The manuscript "Targeting the redox landscape in cancer therapy" is well written and systematically and clearly describes the progress in the emerging field of redox-oriented cancer therapy.

However, several corrections should be done before acceptance of the manuscript for publication:

line 57: I suggest to change the sentence to: giving rise to more stable hydrogen peroxide (H2O2) but also to more toxic ROS, e.g. hydroxyl radical (OH).

line 310: the term "non-covalent" is misleading in this context. I suggest to use: "non-covalently interacting small molecules".

line 401: I suggest to use the term: "histone deacetylase inhibitor suberoylanilide"

line 425: the word "faired" should be changed to "failed"

Multiple cases throughout the text: superoxide is O2⋅-, hydrogen peroxide is H2O2

 

Author Response

* We appreciate the helpful comments and suggestions from the reviewer.
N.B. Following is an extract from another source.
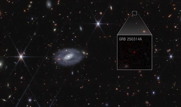 A gamma-ray burst named GRB 250314A (Pictured) is believed to the be the source of a mysterious signal received from 13billion light-years away
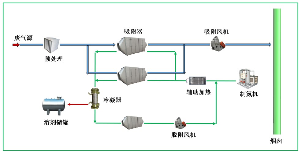 采用活性炭(树脂)将污染物吸附,吸附饱和后通过氮气循环升温脱附,然后冷凝回收有机物。

We addressed all points in order to improve our manuscript.

The manuscript "Targeting the redox landscape in cancer therapy" is well written and systematically and clearly describes the progress in the emerging field of redox-oriented cancer therapy.

However, several corrections should be done before acceptance of the manuscript for publication:

line 57: I suggest to change the sentence to: giving rise to more stable hydrogen peroxide (H2O2) but also to more toxic ROS, e.g. hydroxyl radical (OH).
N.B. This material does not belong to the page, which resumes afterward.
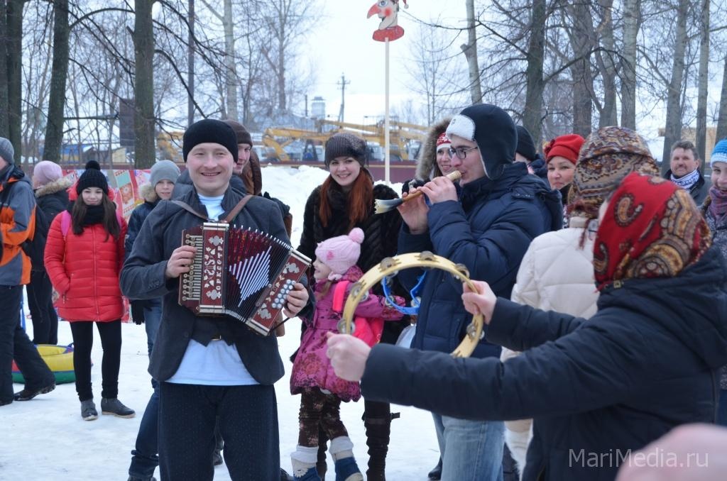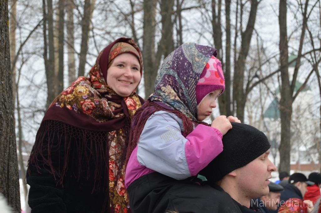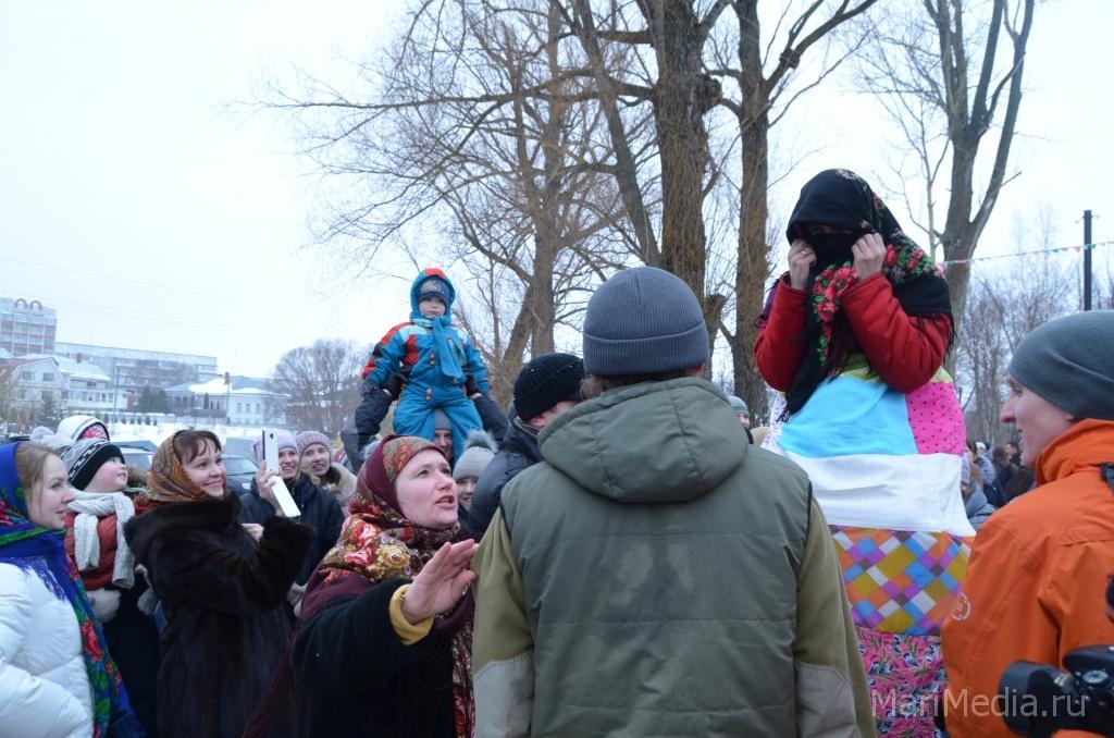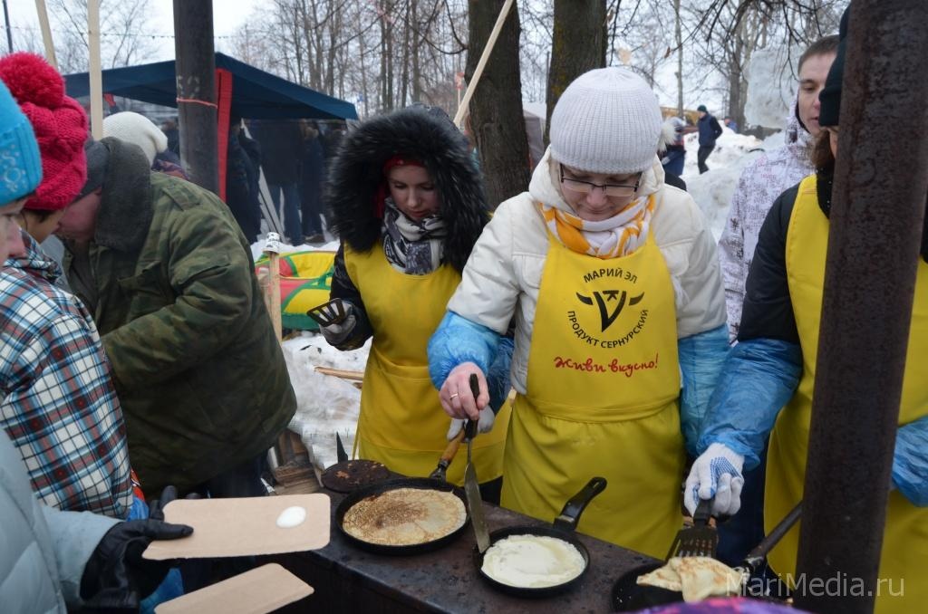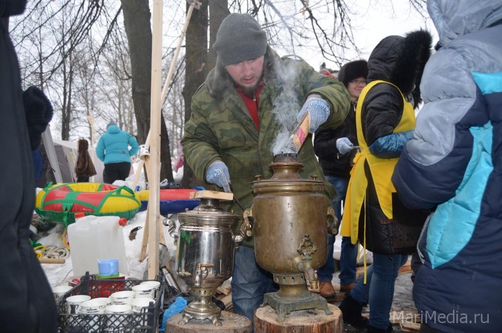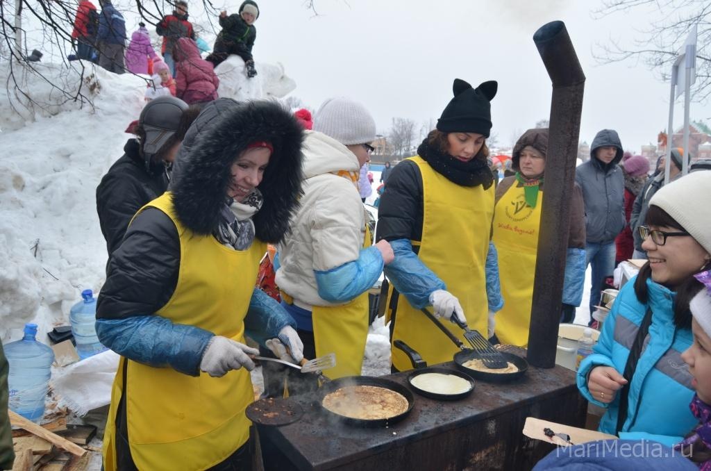 МариМедиа, 22 февраля. Дождливая погода нисколько не испугала сотни йошкаролинцев и гостей марийской столицы, которые пришли сегодня на берег Кокшаги, чтобы шумно и весело проводить зиму 2014-2015 и отпраздновать широкую масленицу.

* We agree with the suggestion of the reviewer and we have made the corresponding changes.

line 310: the term "non-covalent" is misleading in this context. I suggest to use: "non-covalently interacting small molecules".
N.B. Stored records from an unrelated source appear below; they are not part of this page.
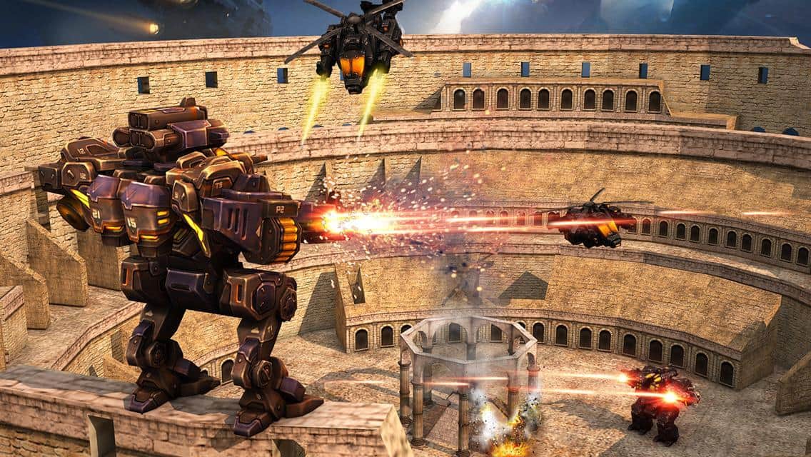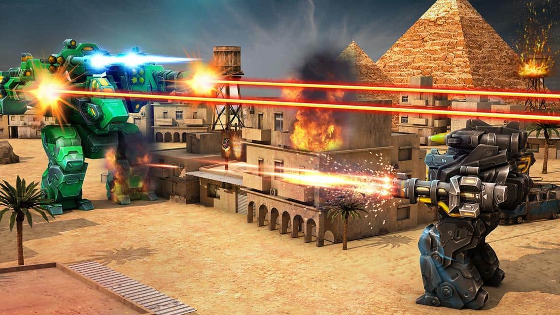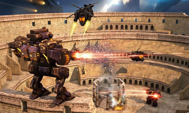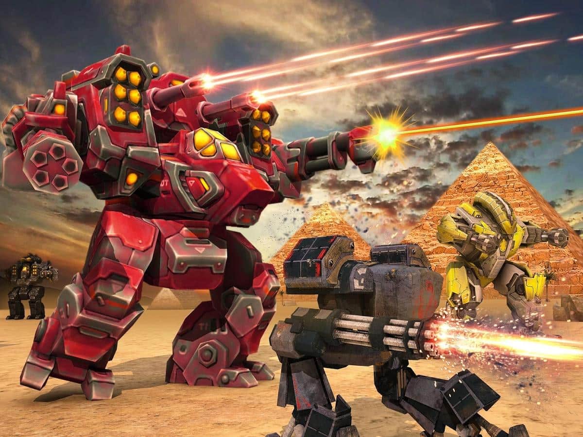 Mekanik Robotların Çatışması – android için bir oyun, burada savaş robotlarıyla uzaylıların istila girişimini durdurmalısınız. Bu oyun sizi yakın bir geleceğe götürecek, burada insanlık gezegenlerini korumak için kontrol edebilecekleri savaş robotları oluşturdu. Robotlardan birini kontrol altına alın ve toprağınızı ele geçirilmekten koruyun. Oyunun çeşitli lokasyonlarında robotu hareket ettirin ve düşmanlara toplardan ve roket rampalarından sürekli ateş edin. Oyunun sunduğu tüm görevleri yerine getirin ve benzersiz yeteneklere ve silahlara sahip yeni robotlar edinin. Robotların teknik özelliklerini hangarda geliştirin ve savaş makinelerinizi iyileştirin.
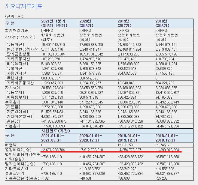 유난히 바이오주 같은 경우에는 적자인 경우가 많이 보이는 것 같습니다. 바이젠셀도 크게 다르지 않았는데요. 2018년부터 2021년까지 적자가 나는 기업입니다. 아무래도 이러한 이유로는 개발비용은 많고 연구 기간이 긴 바이오주의 특성때문이라 생각됩니다. 연구를 해서 최종제품으로 판매될 수 있는 성공 확률또한 낮기 때문에 중간에 엎어지는 연구들도 많습니다.
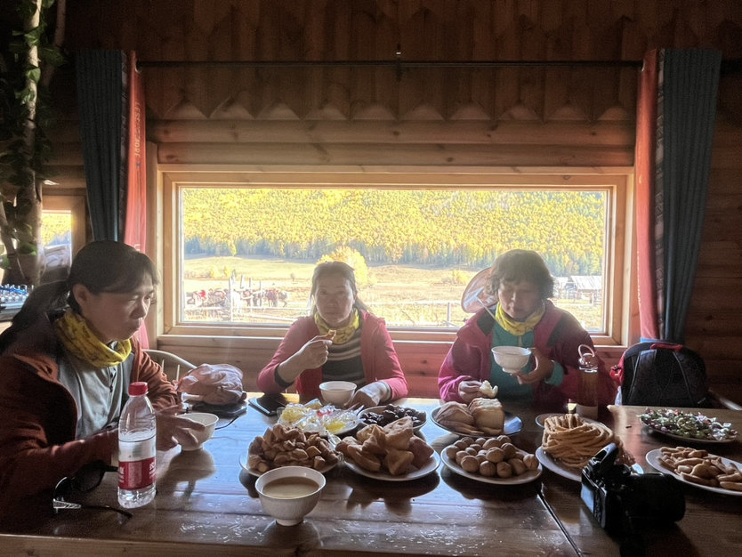 Why did you say that it was the best meal at the time, because we had a better meal in Wuerhe. After breakfast at 9:30 in the morning in Hemu, everyone took their luggage and went back to their bus at the entrance of the scenic spot, then left Hemu and went to Wuerhe. We entered Kanas from Baihaba, which can be regarded as entering through the back door. We left Kanas from Hemu this time, even if it was from the main entrance; then we saw a long queue of vehicles preparing to enter the scenic spot, which stretched for about ten kilometers, all queued up and blocked, waiting for the traffic police to release a few cars and a few cars. It was very shocking! At that time, I thought, fortunately, we are following the Vigilante, and there is no such traffic jam. If I were driving by myself, I would definitely turn around and stop playing immediately!
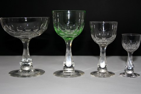 Derby glas, produceret på danske og udenlandske glasværker, de to store glas er fra ca. 1900-20, rundslebet i bunden og med den tids skavanker:

* We replaced our wording as per the suggestion of the reviewer.

line 401: I suggest to use the term: "histone deacetylase inhibitor suberoylanilide"

* We changed the sentence to the following one in order to accommodate the suggestion from the reviewer: “[…] The third compound is the histone deacetylase inhibitor suberoylanilide, commonly known as Vorinostat (Zolinza). […]”.This change also led to the removal of the abbreviation SAHA from the manuscript. Consequently, we had to replace figure 2 to accommodate this change.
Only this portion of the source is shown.